The world does not feel like it’s getting smaller to me. Sometimes people say that it is because of email and connections to people through other people and the ability to get almost anything you want at any time of the day. But then I watch TV or read the paper, and I start to feel very small in a dark, scary place. On the news: high alert because of terrorists, people dying because of the heat, a vast majority of people naively denying that there’s any reason for our military to fight babies drowning in swimming pools, and so on. And in my own life I have seen so much sickness and death and hardship. The world overwhelms me. So, I find that I have to pull in and focus on the immediate things in life: call my mom, wash the dishes, kiss my husband, walk my dog, play on the computer…. In order to maintain sanity, there has to be some sense of normalcy for me. Oh, and I just remembered, “I have told you these things, so that in me you may have peace. In this world you will have trouble. But take heart! I have overcome the world.” (John 16:33) And I sigh. Sometimes I forget God’s promises. I think that I’ve mentioned this before. I’ve been meaning to find a way to remember them better. I wish that I could think of a way to do a border around the top of the walls in my apartment that would not be difficult to remove. I’ll keep brainstorming.
I only have two and a half days of freedom left. On Sunday night I have my first faculty meeting, and then the school year will be in full swing for me. I love my job, but I am trying to drain every bit of vacation from this week that I can.
Today I went to Portland, TN with my parents to have lunch with my sister at Five Chefs. I enthusiastically recommend this charming restaurant. But good luck with finding it. They don’t advertise, and the sign in the front is tiny and inconspicuous. It’s all by word of mouth, and it seems to be doing quite well. They only serve breakfast and lunch, and there is also a lovely attached store called Occasions which holds an array of knick knacks, décor, furniture, and accessories. Delicious food, fun shopping, quaint atmosphere. I loved it. And of course I know that my companions lent quite a bit to the experience.

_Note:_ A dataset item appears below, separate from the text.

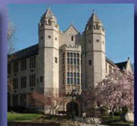
Youngstown State University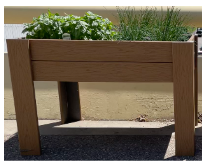
The Herb Garden is Back! Snip some parsley or basil to add flavor to your favorite dishes.

After Eva went back to work, we paid her a short visit at the bank, and then we made our way back to Nashville on Highway 31. I love traveling the old highways instead of the interstate. It’s a most relaxed ride, and there’s always so much more to see and talk about. Chris and I used to spend a fair amount of time driving old highways, back country roads, and down the Natchez Trace. It’s one of the factors of us falling in love. I hope that we’ll be able to take many road trips together in the future.
1 comment:
The media can make the world seem like a cold and scary place but those are just a few remote things that are happening in our world today. Its hard to remember God's promises when you see so much. Just pray that he will help you, as we all should do, and then leave it up to him.